- Native to: Chad, Cameroon
- Region: Cameroon: Mayo-Danay, Diamaré
- Native speakers: (50,000 cited 1993)
- Language family: Afro-Asiatic ChadicEast ChadicEast Chadic AKwang (A.3)Kera; ; ; ; ;

Language codes
- ISO 639-3: ker
- Glottolog: kera1255

= Kera language =

Chadic language of Chad and Cameroon

Kera is an East Chadic language spoken by 45,000 people in Southwest Chad and 6,000 people in North Cameroon.

It was called "Tuburi" by Joseph Greenberg, a name shared with Tupuri.

In Cameroon, Kera is spoken by small, isolated and scattered groups in the southern departments of Mayo-Danay (Wina commune) and Diamaré (Ndoukoula district) in the Far North Region. It is mainly spoken in Chad. In Cameroon, the main group is near the border, south of Viri.
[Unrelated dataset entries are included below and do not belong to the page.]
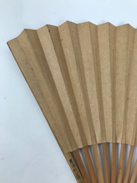This is a traditional Japanese folding fan called sensu. You can use this when it's hot or as decoration. This fan is made with a natural bamboo frame and a thick, durable paper. The paper is brown, almost like craft paper. It has a picture on the front representing a mountain and flying birds.
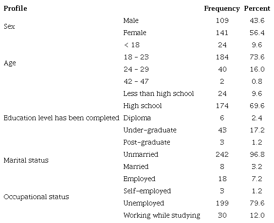 Table 1 shows the profile of participants. This study attracted 250 participants consisting of 109 males (43.6%) and 141 females (56.4%). Furthermore, 33 of the participants were visited a volcano. In addition, 31 participants claimed that they have visited Anak Krakatau. Twenty-one participants have visited it once, 13 participants have visited it twice, and three participants have visited it three times. With regard to age, the largest age group of participants was between 18 to 23 years consisting of 184 participants (73.6%). Followed by an age group of less than 18 years consisting of 24 participants (9.6%). Furthermore, 174 participants (69.9%) hold a high school diploma, followed by those who hold a diploma consisting of 43 participants (17.2). The majority of participants were unmarried, which was 242 participants (96.8%) and the majority of them were not working, i.e. 199 participants (79.6%).
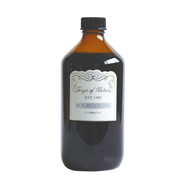 【ブルゴーニュ 】 『ワイルドストロベリー、ラズベリーリーフなどのベリーミックスに、レッドローズ、ポメグラネイトを加味。さらにベースノートにローズウッド、マホガニー、アンバーのブレンド。味わい深く格調高いブルゴーニュワインをイメージした香りです。』 カラフェに最高級のワインを注ぐように上質フレグランスオイルを注ぎ込んだディフューザー。 内容量:500ml 芳香期間:6ヶ月(期間はご使用される環境、使用方法によって異なります。) ・香料の性質上時間の経過と共に色が変わる場合がありますが、品質に問題ありません。 ・気温の変化により、まれに微少の浮遊物がみられる場合がありますが、品質に問題はありません。 主成分:エッセンシャルオイル、フレグランスオイル 使用方法:容器の中栓をはずし、スティックを挿してご使用ください(スティック別売り)。 使用上の注意:肌や衣類につけないようご注意ください。火気に近づけないでください。容器が転倒しないよう平らで安全な場所でご使用ください。高温多湿直射日光を避け、乳幼児の手の届かないところで保管してください。 【ご注意】パソコン環境によって、実際の色味と多少異なる場合がございます。 ご了承くださいませ
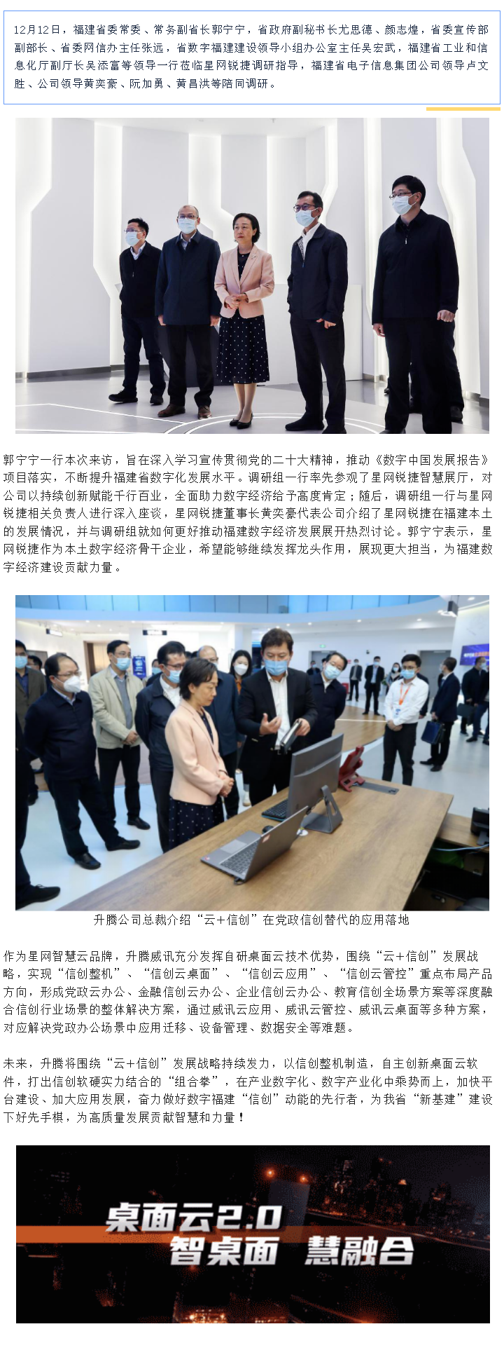 福建省委常委、常务副省长郭宁宁一行莅临星网调研指导 ,腾博会官网威讯“云+信创”引关注!
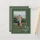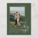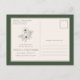 Den här Emerald Save-vykortet innehåller handdragna elfenbensblommor i förlovningen bild. Den här utformningen är modern och mycket elegant. Den gör fotot till ett centrum för uppmärksamheten. Baksidan har en enkel men vacker design som visar alla detaljer i bröllopsdagen. Dusty grönt gräns och anemoner dekorerar denna minimalistiska vykortsutformning på elfenbensbakgrund. Gör det första intrycket för dina gäster oförglömligt med den här blommigten och spara datumet.
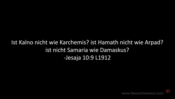 Ist Kalno nicht wie Karchemis? ist Hamath nicht wie Arpad? ist nicht Samaria wie Damaskus? -Jesaja 10:9 L1912
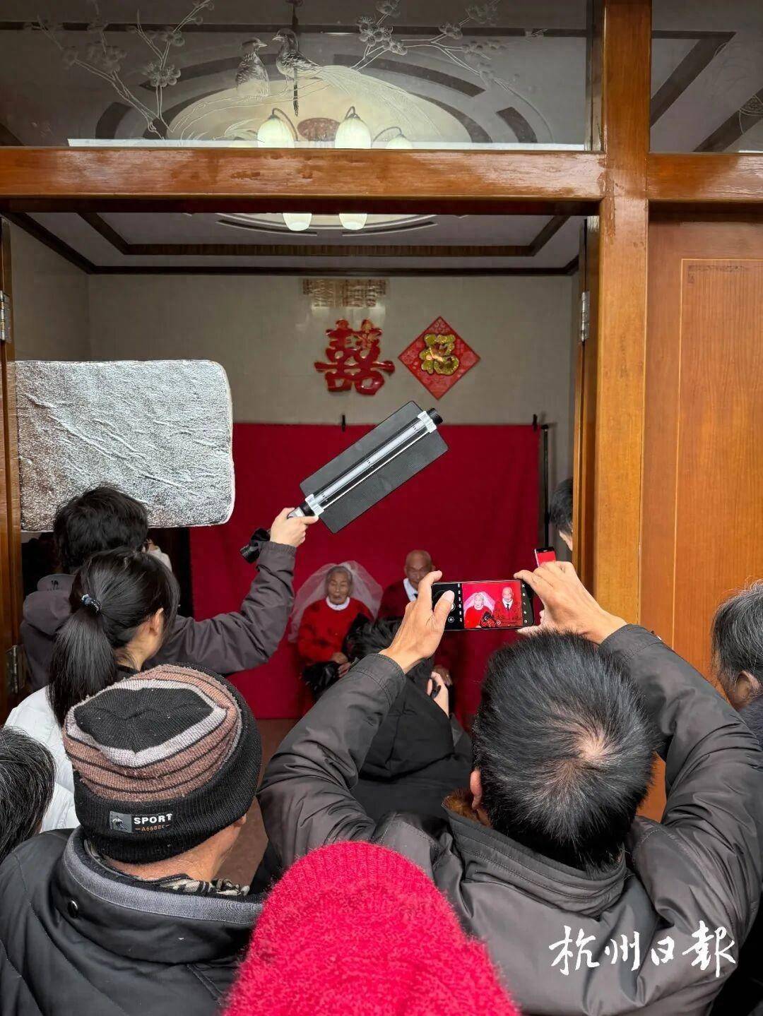 原来,村里一对百岁夫妻拍结婚照,邻居们都来沾沾喜气!

There are about 6,000 speakers in Cameroon.

==Phonology==
=== Consonants ===

Consonants
|  |  | Labial | Alveolar | Palatal | Velar | Glottal |
| Nasal |  | m | n |  | ŋ |  |
| Plosive | voiceless | p | t | tʃ | k | ʔ |
| voiced | b | d | dʒ | ɡ |  |
| implosive | ɓ | ɗ |  |  |  |
| Fricative | voiceless | f | s |  |  | h |
| voiced | v | z |  |  |  |
| Approximant |  | w | l | j |  |  |
| Flap |  | ⱱ | ɾ |  |  |  |

==== Labiodental flap ====
Kera has a labiodental flap , a rare sound attested in only 80 languages of the world. Out of the 60 or so words that contain this consonant, 95% of them are ideophones, words which embody the senses of their meaning. Near-minimal pairs between the labiodental flap and the labiodental fricative exist: /vìw/ 'hearing something pass by' and /ⱱīw/ 'see something pass quickly'.

=== Vowels ===
Kera has six contrastive vowels. In closed syllables, the mid and low vowels will undergo raising. Kera also has phonemic tones, whereby a change in pitch alone may differentiate words.
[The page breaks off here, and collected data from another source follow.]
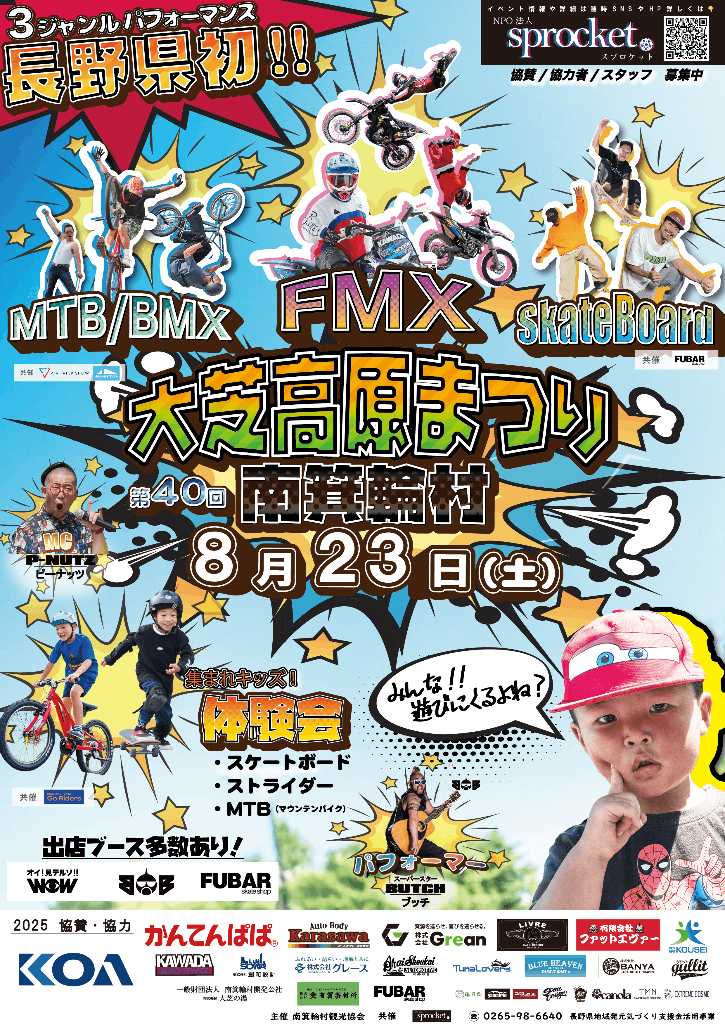 今年度もFMXプレイヤー達を呼ぶことはもちろん、MTB/BMXやスケボーのパフォーマンスを『南箕輪村 大芝高原まつり』で見てもらうことが、未来の活動につながると確信しています。
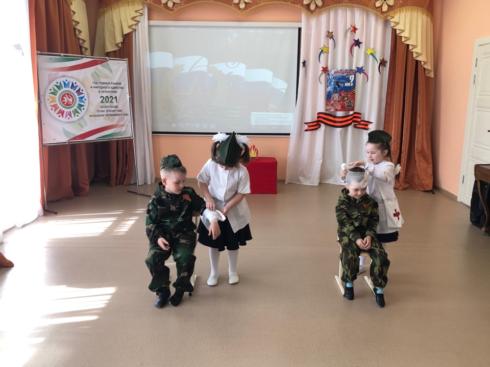 9 Май бәйрәме-ул Бөек Җиңү бәйрәме. Ерак 1941 елда бөтен ил Ватанны саклый һәм тыныч күк астында яшәү хокукын саклый алды. Җиңү Көнендә безнең һәркайсыбыз үз тарихыбыз өчен горурлык хисе тоя...Безнең балалар бакчасында Җиңү көнен бәйрәм итү тантанасы узды: балалар сугыш турында шигырьләр сөйләделәр, Җиңү бәйрәме, тынычлык, солдатлар турында җырлар җырладылар, биеделәр.
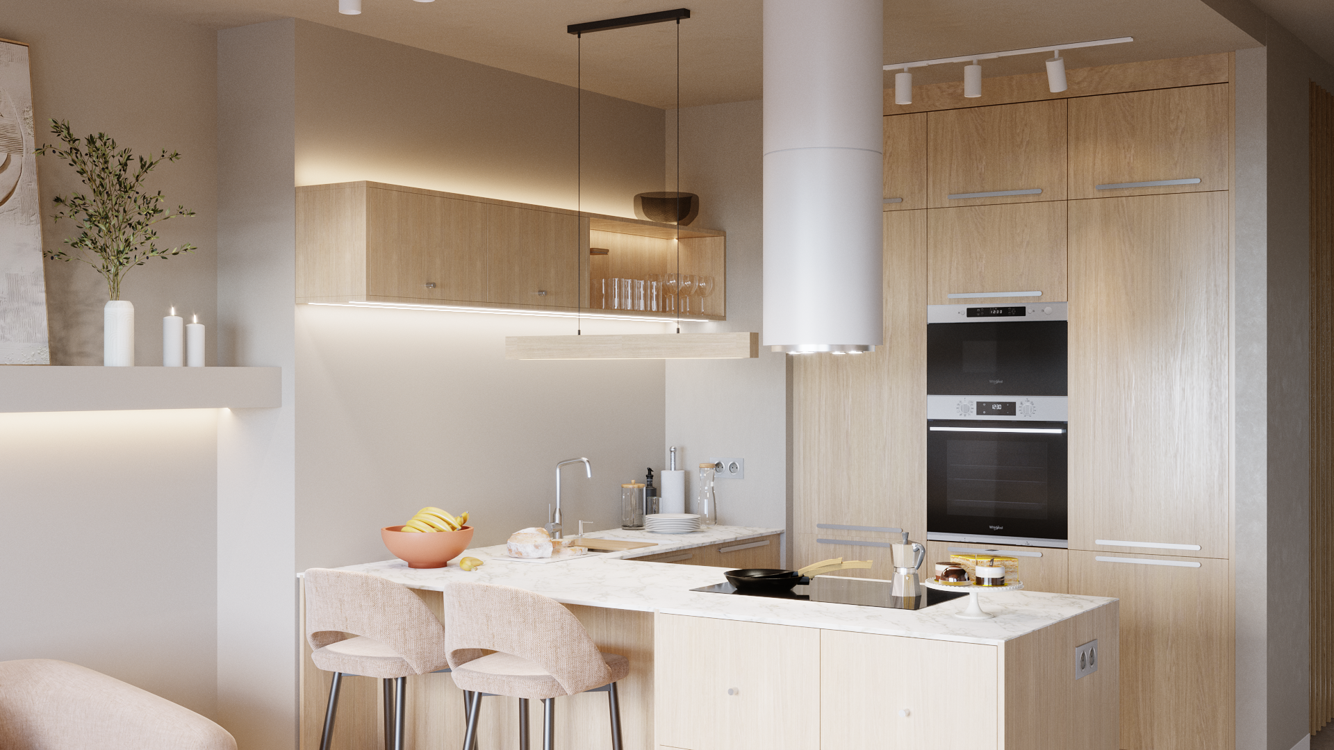 Dzięki takim połączeniom kuchnia z jasnego drewna otwarta na salon, zyskuje elegancki i ponadczasowy styl, który nigdy się nie znudzi.

|  | front | central | back |
|---|---|---|---|
| high | i | ɨ | u |
| mid | e ~ ɛ |  | o ~ ɔ |
| low | a ~ ə |  |  |

==== Harmony ====
Kera has several types vowel harmony:

1. High vowels in both the root and suffix will spread and replace other vowels within the word in both directions. This is notable, as it is rare for languages to have high vowels be the dominant ones in vowel harmony systems.
2. Vowels in suffixes force the central vowel of the root to have the same degree of frontness and rounding.
3. There are several contexts which cause total harmony within the root (i.e. the vowel is wholly copied). These contexts include: word-final consonant-vowel syllables, the historical affixes -a and -a, and the epenthetic vowel -i following obstruents.

=== Phonotactics ===

==== Clusters ====
Kera allows almost all consonants to appear at the end of a syllable in word-medial position. However, at the end of a word as a whole, only the sonorants /l, w, j/ can occur. When a non-sonorant sound occurs at the end of a word, the vowel [i] is added at the end to avoid breaking this rule.
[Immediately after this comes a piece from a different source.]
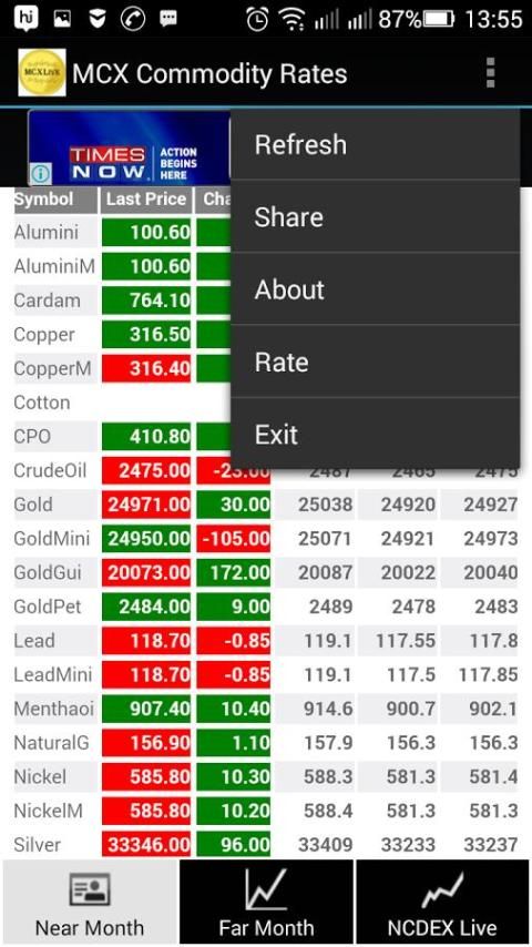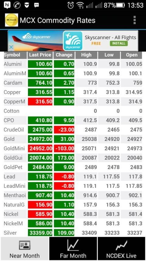 Track the price of latest market anytime, anywhere. It covers assets from MCX and NCDEX exchanges. Through this app you can get to know about far month prices and near month prices of MCX.
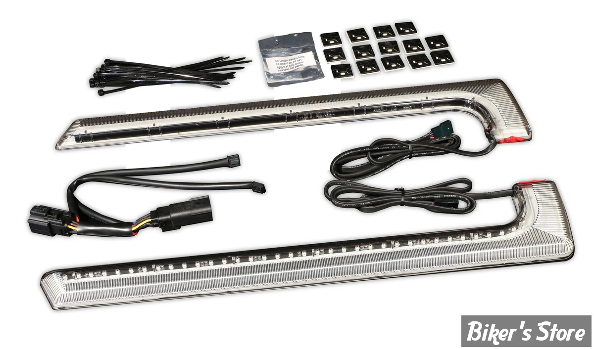 3 fonctions d'éclairages - Pour sacoches d'origine des Touring à partir de 2014 (sauf FLHXSE, FLTRXSE) et de 1997 à 2013 avec adaptateur (à commander séparément). Le Kit

Kera's syllables are relatively simple. It allows for a consonant to be followed by a long or short vowel and may take an extra coda consonant at the end. The initial consonant is optional in all cases. Additionally, there are several phonological rules at play that prevent consonant-vowel-consonant-vowel sequences from being possible. For example, the hypothetical words *[nèlɛ̀] and *[fɛ́lɛ] are phonotactically impossible in Kera. To prevent these sequences from occurring, Kera will either lengthen the final vowel [nèlɛ̀ɛ], or remove the final vowel [fɛ́l].

== Grammar ==
Kera is a subject–verb–object language, using prepositions. It uses exclusively borderline case-marking.